Bahan bakar dalam jumlah besar ini, kata dia, sangat potensial
dikembangkan di Indonesia, mengingat negara ini menjadi salah satu
penghasil kelapa sawit terbesar di dunia. Tak hanya kelapa sawit,
biomassa lignoselulosa lainnya juga bisa diperoleh dari tanamantanaman yang banyak tumbuh di Indonesia.
Jerami sebagai limbah tanaman padi juga bisa diolah menjadi etanol.
Demikian pula limbah kayu hutan, yang bisa diolah menjadi energi
hijau.
"Perlakuan awal khusus ini membuat harga bioetanol generasi kedua
relatif lebih mahal," kata Yanni. "Namun, ongkos ini bisa ditebus ketika
bahan bakar fosil semakin langka."
Haznan Abimayu, peneliti Puslit Kimia LIPI, mengatakan aneka pilihan
sumber bahan baku energi terbarukan belum termanfaatkan di
Indonesia. Sebut saja sisa merang atau batang padi dan ampas tebu.

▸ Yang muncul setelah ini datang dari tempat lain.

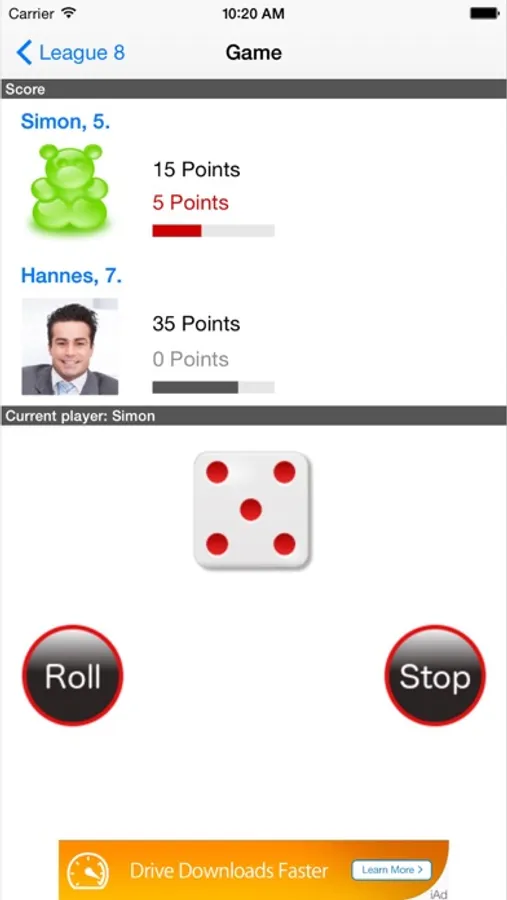 The game: There are always 2 players involved playing against each other with the objective of being the first one to gain 50 score points. For this, 1-5 spots of the dice are counted as score points, while throwing a 6 leads to deletion of all points scored in the current round, and it is then the turn of the opponent player.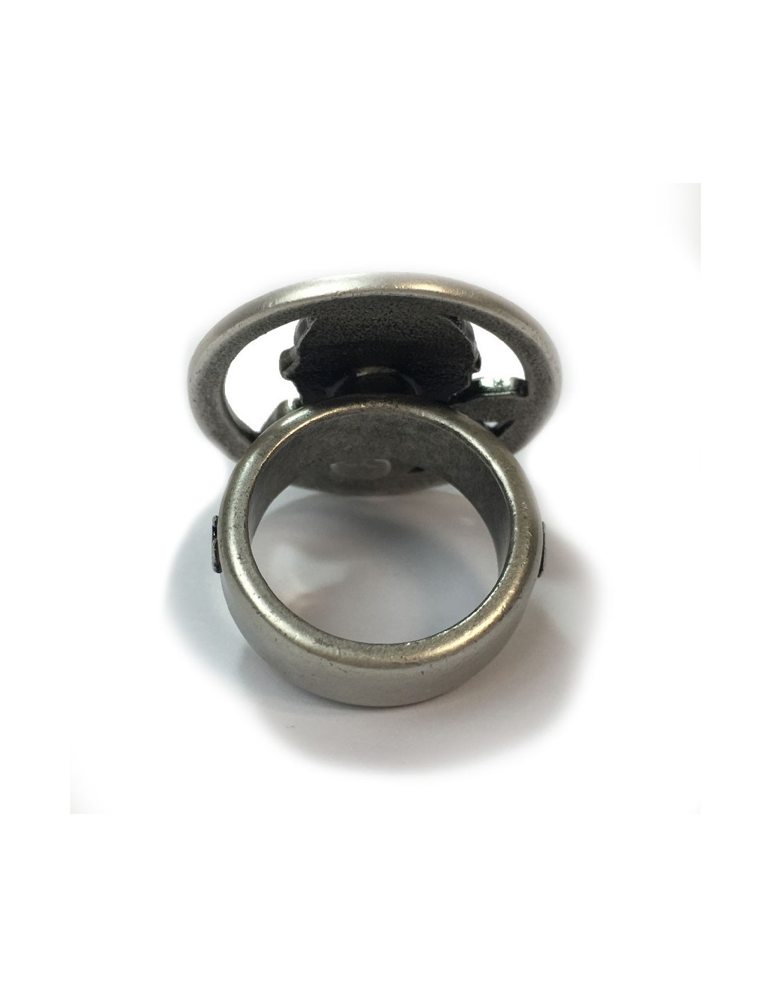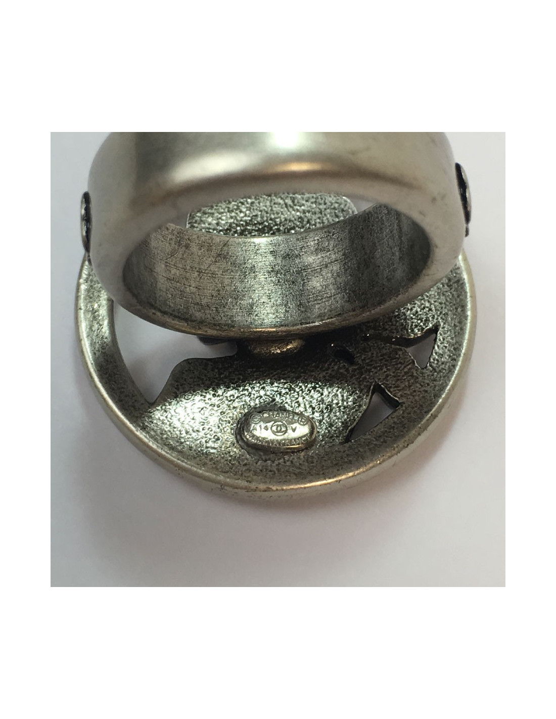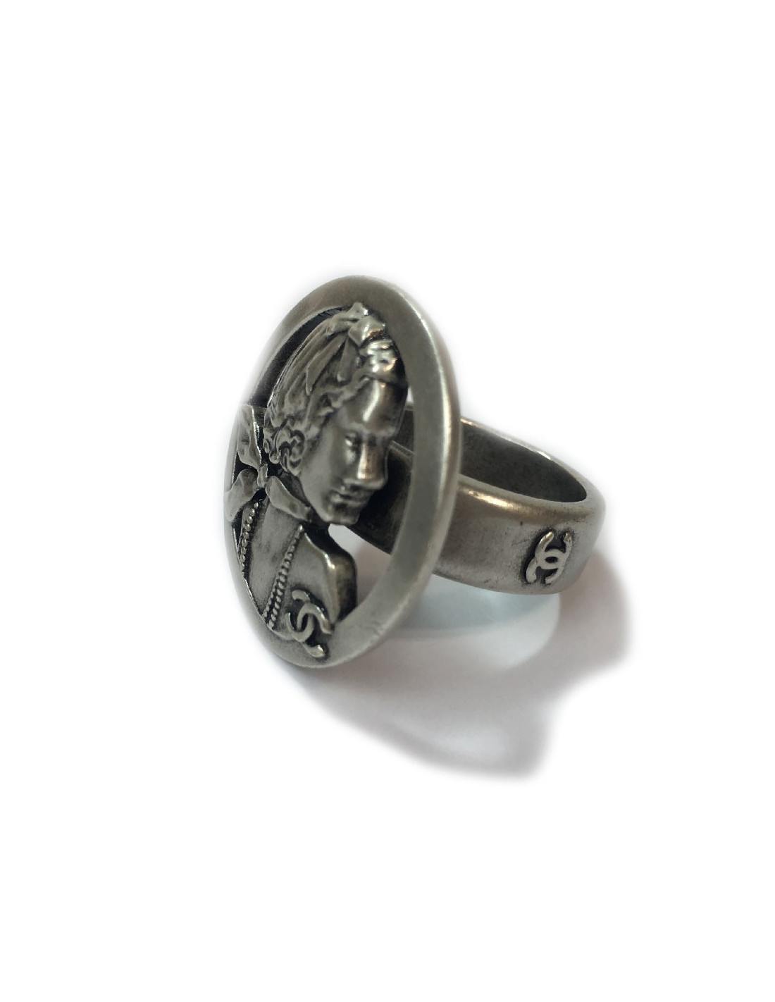 Cette bague CHANEL représente madame Coco Chanel. Elle est en métal argenté mat, de forme ronde. Issue des collections automne 2014, made in France.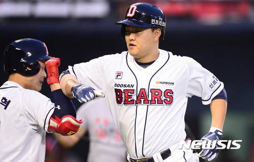 【서울=뉴시스】추상철 기자 = 29일 오후 서울 송파구 잠실야구장에서 열린 2017 KBO리그 SK와이번스와 두산베어스의 경기, 4회말 1사 주자없는 상황에서 두산 8번 오재일이 1점 홈런을 때린 후 박세혁과 세레모니를 하고 있다. 2017.06.29.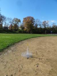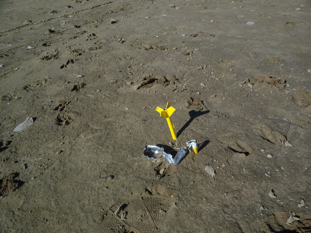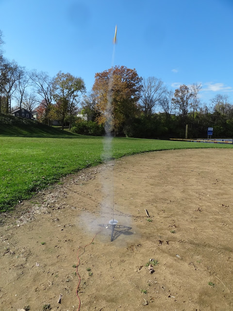 Only one flight so far, just to test the waters.  You may have heard that I fly on a small field, so minimum diameter rockets need calm days and the smallest possible motors when I'm flying.  On the chosen day I was lucky enough to have an almost complete lack of breeze, but previous flights left me confused about my engine choice.  A lackluster 1/2A flight with a slightly larger rocket caused me to choose another 1/2A for an Estes Screamer that flew just before the Vector.  The Screamer, a poorly built Ebay example, would have been gone on a normal day, which led me to choose a 1/4A for the Vector flight.  This was obviously the right choice as the flight was plenty high for the field, straight up, thermonuclear ejection charge, and straight down.  It landed on a damp bit of the infield and stuck the landing.  Twice.  Both the nose cone and body tube wound up sticking straight up from the mud.  Very cool, I think.

Dua limbah industri pertanian ini mencapai 230 juta ton setiap
tahunnya. Jumlah ini bisa dikonversikan menjadi 17,618 miliar liter
bioetanol.
Potensi lain berasal dari tanaman aren. Haznan memperkirakan
produksi aren di Indonesia bisa dikonversi menjadi 11,7 miliar liter
bioetanol setiap tahun. Begitu pula tanaman singkong, yang bisa
menghasilkan 180 liter bioetanol untuk setiap hektare lahan per tahun.

"Selain berpotensi besar, tanaman-tanaman tersebut tidak dikonsumsi


manusia sehingga pengolahannya tak akan mengganggu stok dan
harga pangan nasional," ujar Haznan.